*Task prompt*:
Transcribe the data below verbatim from the line with "Hidalguias. Filiación de" to the line with "Venez participer à". Include both of those lines.

*** Raw data ***

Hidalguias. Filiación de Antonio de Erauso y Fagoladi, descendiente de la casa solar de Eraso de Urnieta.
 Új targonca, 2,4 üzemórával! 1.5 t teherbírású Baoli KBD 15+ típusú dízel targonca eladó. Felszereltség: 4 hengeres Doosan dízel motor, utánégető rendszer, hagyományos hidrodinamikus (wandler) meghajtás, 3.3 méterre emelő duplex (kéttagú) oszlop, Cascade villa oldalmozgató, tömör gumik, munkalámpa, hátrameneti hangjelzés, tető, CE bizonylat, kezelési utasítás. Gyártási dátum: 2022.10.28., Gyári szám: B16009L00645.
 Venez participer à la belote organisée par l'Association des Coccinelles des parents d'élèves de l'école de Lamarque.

*** End of Raw data ***
*** Raw data ***

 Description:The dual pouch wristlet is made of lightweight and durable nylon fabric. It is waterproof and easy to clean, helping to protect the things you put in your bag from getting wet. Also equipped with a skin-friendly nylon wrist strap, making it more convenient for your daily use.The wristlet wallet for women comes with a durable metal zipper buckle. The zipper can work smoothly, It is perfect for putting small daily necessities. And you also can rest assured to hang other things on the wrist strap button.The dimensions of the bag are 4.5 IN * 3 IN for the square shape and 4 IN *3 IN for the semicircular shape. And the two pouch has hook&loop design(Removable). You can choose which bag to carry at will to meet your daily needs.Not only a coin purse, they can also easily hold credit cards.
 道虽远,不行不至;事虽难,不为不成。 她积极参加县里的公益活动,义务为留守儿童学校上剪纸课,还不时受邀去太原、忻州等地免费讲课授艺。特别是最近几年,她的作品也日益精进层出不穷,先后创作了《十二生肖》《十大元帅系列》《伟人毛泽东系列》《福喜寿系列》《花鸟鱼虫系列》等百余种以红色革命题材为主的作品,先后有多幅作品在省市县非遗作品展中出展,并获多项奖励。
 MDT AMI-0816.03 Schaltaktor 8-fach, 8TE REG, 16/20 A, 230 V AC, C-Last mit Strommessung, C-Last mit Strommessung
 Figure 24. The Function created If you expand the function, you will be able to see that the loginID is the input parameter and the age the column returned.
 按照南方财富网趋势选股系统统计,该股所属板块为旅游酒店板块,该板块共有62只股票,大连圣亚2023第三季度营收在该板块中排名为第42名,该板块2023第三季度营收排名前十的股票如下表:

*** End of Raw data ***

*Task result*:
Hidalguias. Filiación de Antonio de Erauso y Fagoladi, descendiente de la casa solar de Eraso de Urnieta.
 Új targonca, 2,4 üzemórával! 1.5 t teherbírású Baoli KBD 15+ típusú dízel targonca eladó. Felszereltség: 4 hengeres Doosan dízel motor, utánégető rendszer, hagyományos hidrodinamikus (wandler) meghajtás, 3.3 méterre emelő duplex (kéttagú) oszlop, Cascade villa oldalmozgató, tömör gumik, munkalámpa, hátrameneti hangjelzés, tető, CE bizonylat, kezelési utasítás. Gyártási dátum: 2022.10.28., Gyári szám: B16009L00645.
 Venez participer à la belote organisée par l'Association des Coccinelles des parents d'élèves de l'école de Lamarque.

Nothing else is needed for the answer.